Hybrid Corrosion Protection Systems for Prestressed Concrete Bridges

Many reinforced concrete structures like prestressed concrete bridges can suffer from corrosion damage. Causes include salt ingress from the application of de-icing salts during winter maintenance, exposure to marine environments and carbonation of the concrete.

TRADITIONAL CORROSION PREVENTION METHODS FOR CONCRETE

Corrosion is an electrochemical process and the use of electrochemical technology treatments is a common mitigation practice. Traditional treatments like impressed current cathodic protection (ICCP) involve the passage of a constant current through the concrete to arrest corrosion activity and hinder its future development.

However, for pre-stressed concrete reinforcement there are risks of hydrogen embrittlement of the steel. If the applied polarization is not strictly controlled. (Learn more in An Introduction to Hydrogen Embrittlement.)

THE NEED FOR HYBRID CORROSION PROTECTION

Normally systems deal with risks by limiting the induced change potential of the steel reinforcement.

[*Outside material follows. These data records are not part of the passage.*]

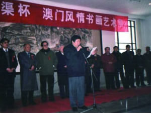 | 张金卫执行理事长出席在郑州博物馆举行的“伟大的爱国主义艺术家 中国画坛巨匠---徐悲鸿郑州画展”。 | 张金卫执行理事长在“锦绣澳门风情书画艺术展河南巡展”开幕式上致辞。 |
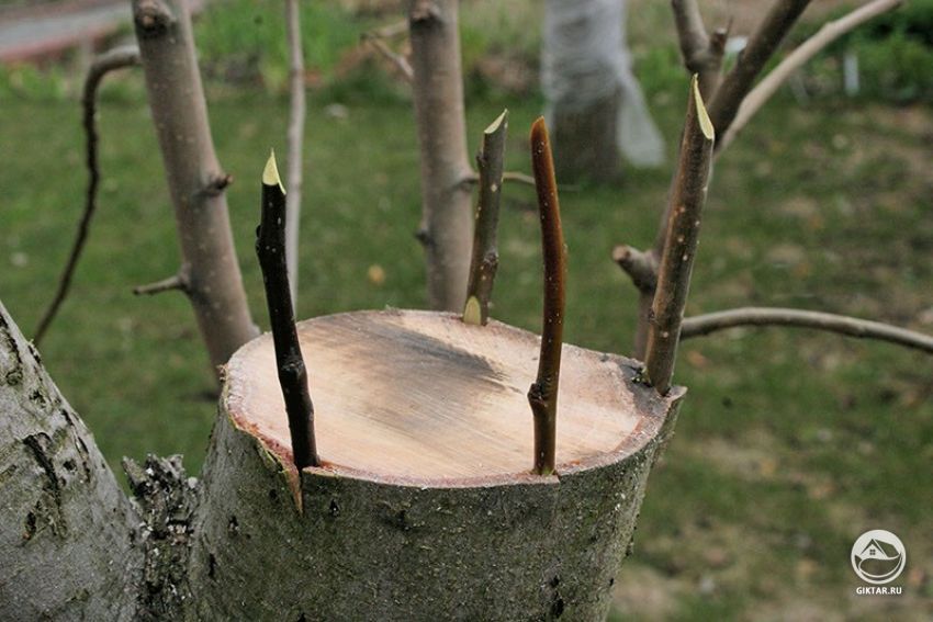 Прививку черенков проводят весной. Если подготовка и прививка прошли успешно, черенки сформируют сильные ветви. В первый год после обрезки возле спилов могут расти новые побеги, которые нужно удалять.
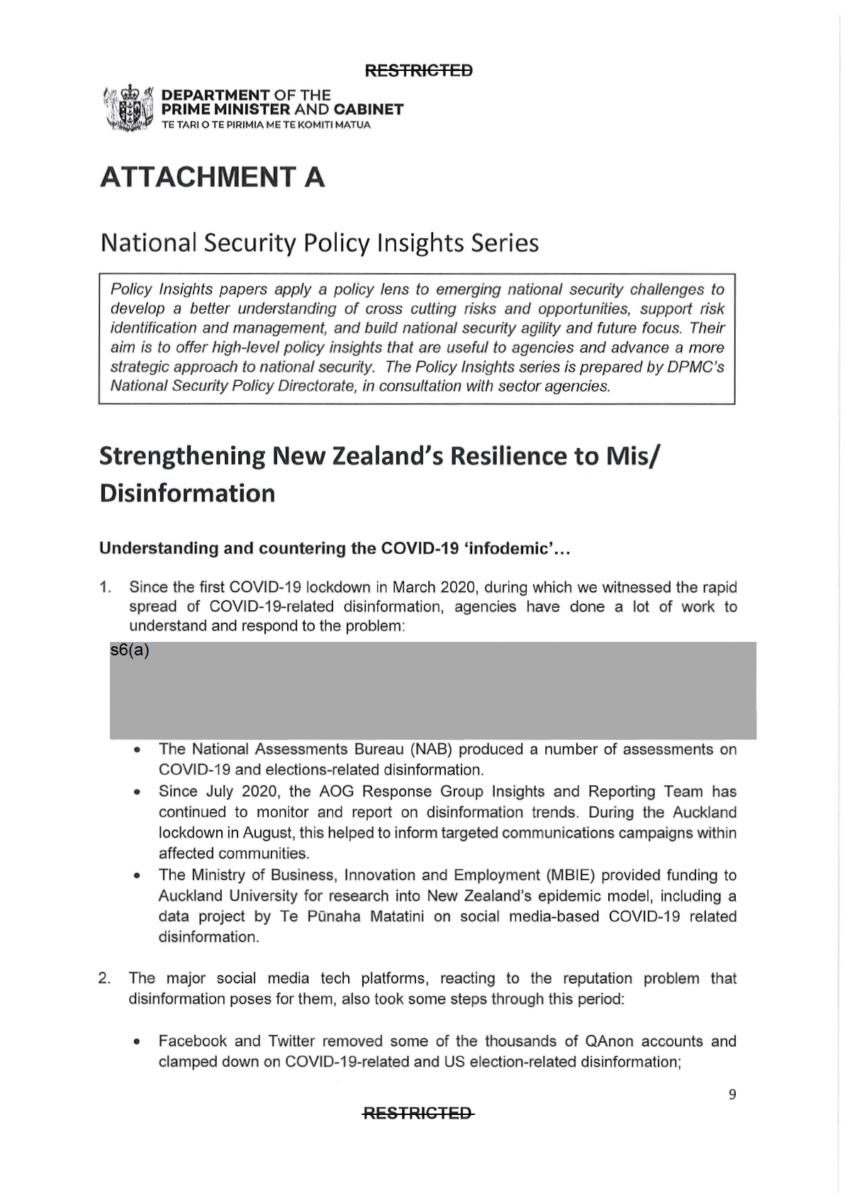 support on disinformation and related issues. s6(b)(ii)
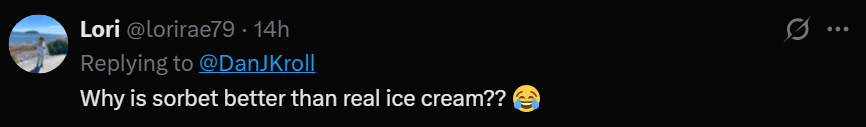 I know the question was probably rhetorical, but I’d suspect that sorbet being dairy-free and primarily fruit forward is a big reason that people choose it as a dessert option. Now why sorbet is ranked above ice cream in the realm of innuendo, I have absolutely no idea, Lori!

This reduces the amount of hydrogen generated as a result of water hydrolysis during the application of an electrochemical treatment such as ICCP. But some risk to the asset owner remains during long-term use of an ICCP system. This is because monitoring and adjustments are usually only undertaken at annual intervals. This may not be sufficient.

An alternative approach to reduce this risk is to apply a brief impressed current treatment delivered using an external DC power supply to re-alkalize the corrosion sites and provide long-term corrosion prevention by means of galvanic corrosion protection. This combination of electrochemical treatments is more commonly known as hybrid corrosion protection.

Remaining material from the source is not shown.